By TIM FAULKNER/ecoRI.org
News staff
It’s no coincidence
Grover Fugate is Sen. Sheldon Whitehouse’s guest at President Obama’s State of
the Union address. Fugate, director of the state Coastal Resources Management
Council (CRMC), is one of Rhode Island's most vocal climate hawks. Recently,
Fugate declared that sea-level rise in Narragansett Bay could exceed 6 feet by
the end of the century. A shocking proclamation given that most of the public
is just learning of the 3- to 5-foot increase announced last year.
It’s not a prediction Whitehouse would challenge, however. The Democratic senator is one of the most outspoken climate champions in Congress. In recent months, he has delivered impassioned weekly speeches from the Senate floor, expounding on environmental degradation taking place across a warming planet.
Between 5 and 15
minutes in length, videos of the speeches are candy for YouTube
political-policy fans and information-hungry environmentalists.
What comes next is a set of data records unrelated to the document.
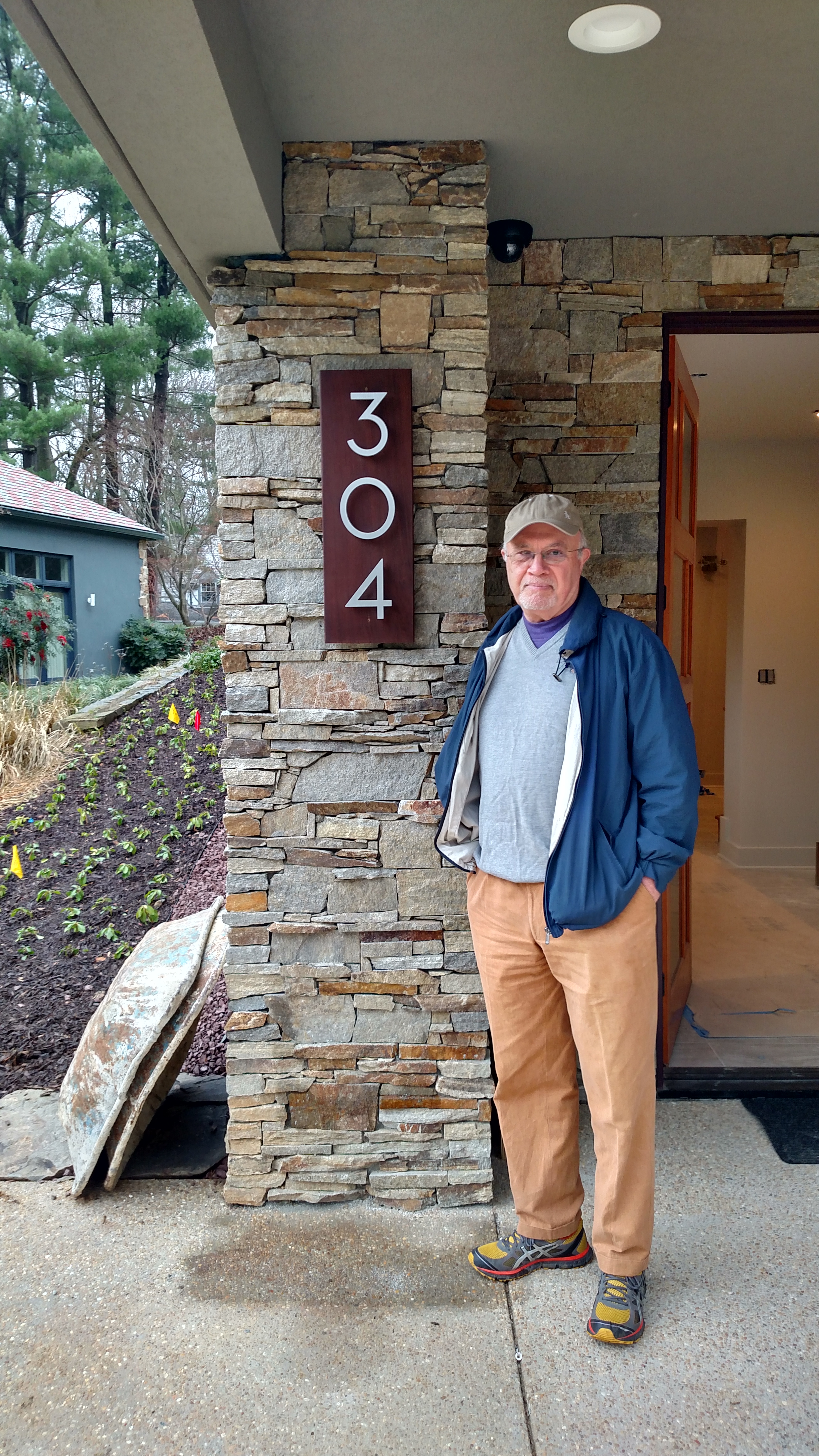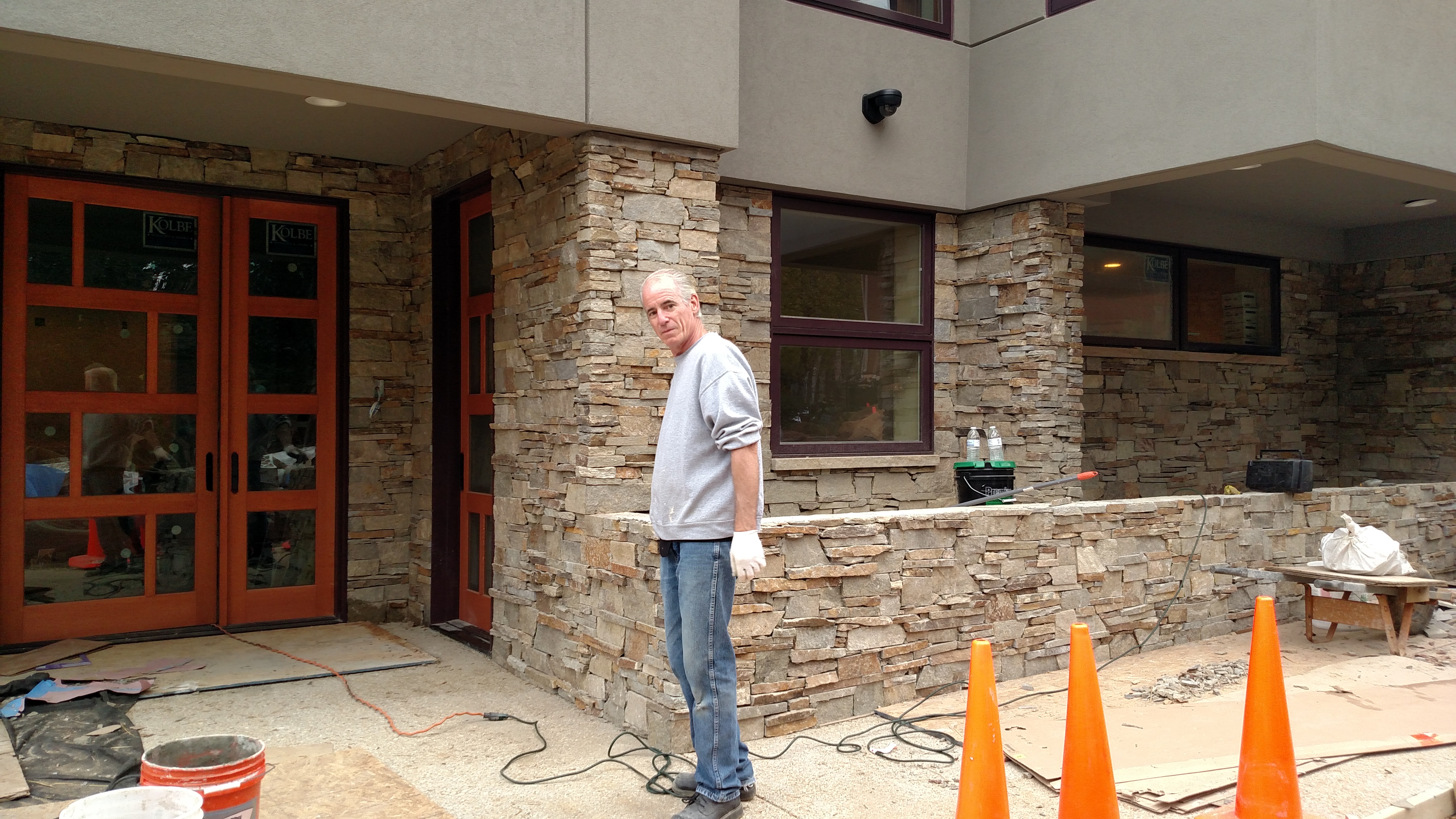 The stone is going up on the front door (that’s one our gifted stonemasons) brought to our site by Andrew Deschler of Classic Craftsmen, our contractor.
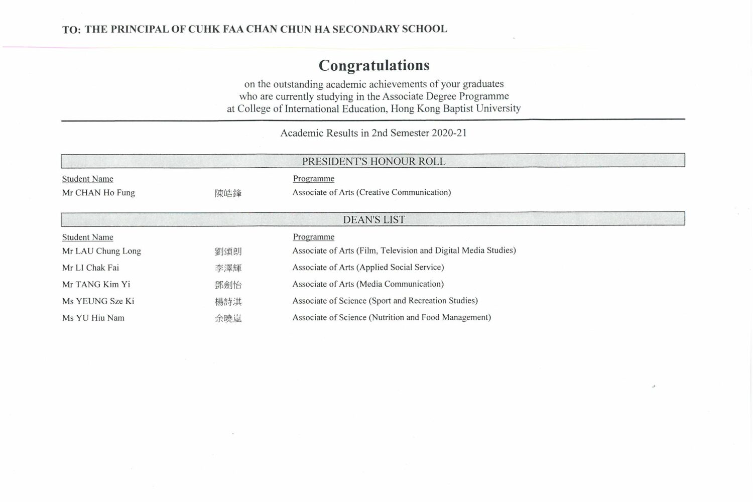 本校校友榮獲香港浸會大學國際學院頒發成績優異獎項
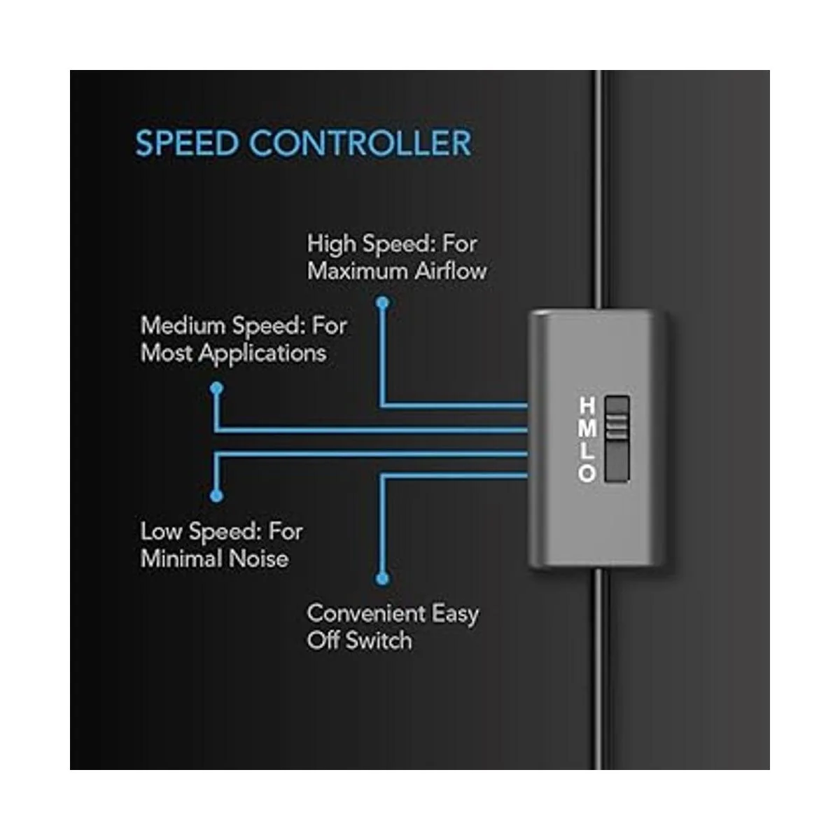 Incluye un control de varias velocidades para ajustar la velocidad del ventilador a niveles óptimos de ruido y flujo de aire.
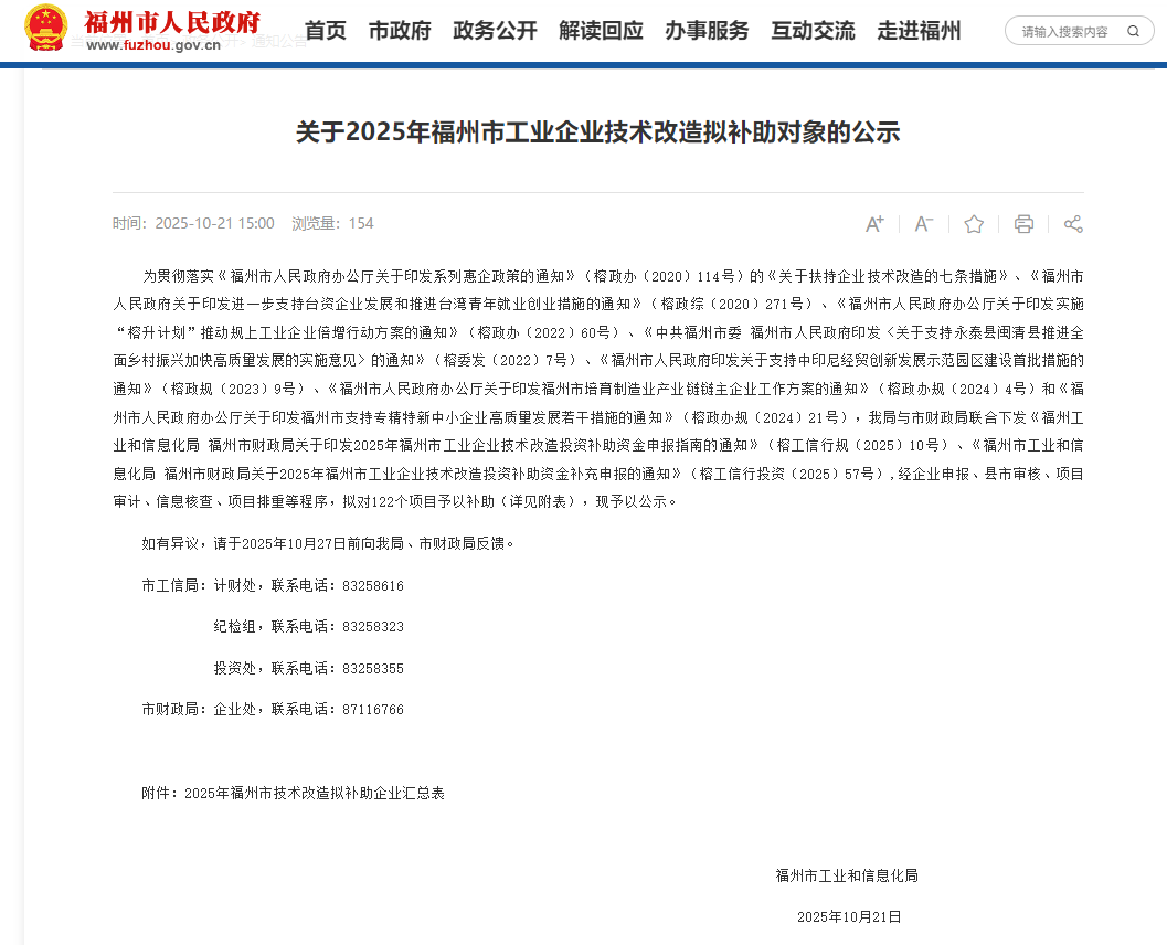 2025年10月21日,福州市工業(yè)和信息化局發(fā)布了《關(guān)于2025年福州市工業(yè)企業(yè)技術(shù)改造擬補(bǔ)助對(duì)象的公示》。
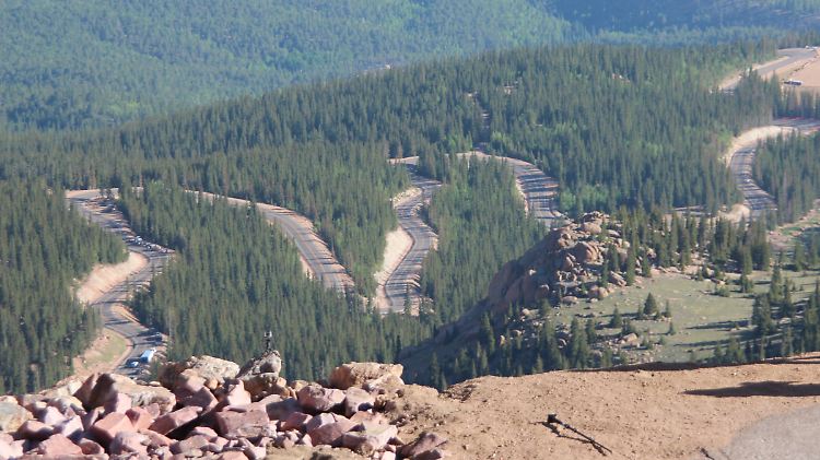 Normalerweise fährt man hier kaum mehr als Schritttempo und braucht fast eine Stunde. Doch einmal im Jahr wird der Weg auf Amerikas Ausflugsberg Nummer eins zur Rennstrecke und die Fahrt in den Himmel zum Höllenritt. Dann startet der Hill Climb am Pikes Peak und Zehntausende feiern "Himmelfahrt" mal ganz anders.

Whitehouse
pushes for solutions and calls out the deniers in Congress.
The off-kilter
global ecosystem, he says, portends unknown damage. The price of inaction far
outstrips the cost of mitigation. Skeptics, Republicans and their corporate
backers are regularly skewered as climate antagonists.
“There is a rear-guard
action in this building led by polluters to try to prevent us from taking
action on this. But we have to face the fact that the deniers are wrong; they
are just plain dead wrong,” Whitehouse said during a Dec. 5 meeting of the
Senate Committee on Environment and Public Works.
The speeches deliver
current and dramatic research not mentioned in the mainstream discussion on
climate change. In a Dec. 12, 2012 speech called “We are Sleepwalking Through
History,” Whitehouse noted that the planet's carbon dioxide concentration has
increased 50 parts per million since 1980, and is now well outside its range
from the last 800,000 years.
Oceans are absorbing a million tons of carbon an
hour, resulting in a 30 percent increase in ocean acidity — an increase faster
than any time in the past 50 million years.
Whitehouse also
describes global and local impacts of climate change, such as during Hurricane
Sand the unearthing of vehicles from the 1930s and '40s buried at Misquamicut
Beach in Westerly.
His staff explained
that Whitehouse gives the speeches because of frustration caused by “the
barricade of special interests and climate-change deniers blocking action on
this issue in Washington.” Speaking on the Senate floor, spokesman Seth Larson
said, allows Whitehouse to keep the climate-change debate alive and “to force deniers to either hide or come to the
floor with their extremist views.”
And if they haven’t
yet elevated discussion nationally or in D.C., the speeches may have raised
Whitehouse's environmental standing, landing him a co-chair position on the
Senate and House Task Force on Climate Change with Rep. Henry Waxman, D-New
York.
The committee will seek input from industry on both sides of the issue:
oil, coal and gas companies, electric utilities, automakers, defense
contractors, insurance companies and universities. The outcomes may result in
more recommendations than laws, but Whitehouse is committed to the cause. The
speeches on YouTube and C-Span will continue.
“As long as it takes to break through that
barricade of special interests and get something done,” Whitehouse said.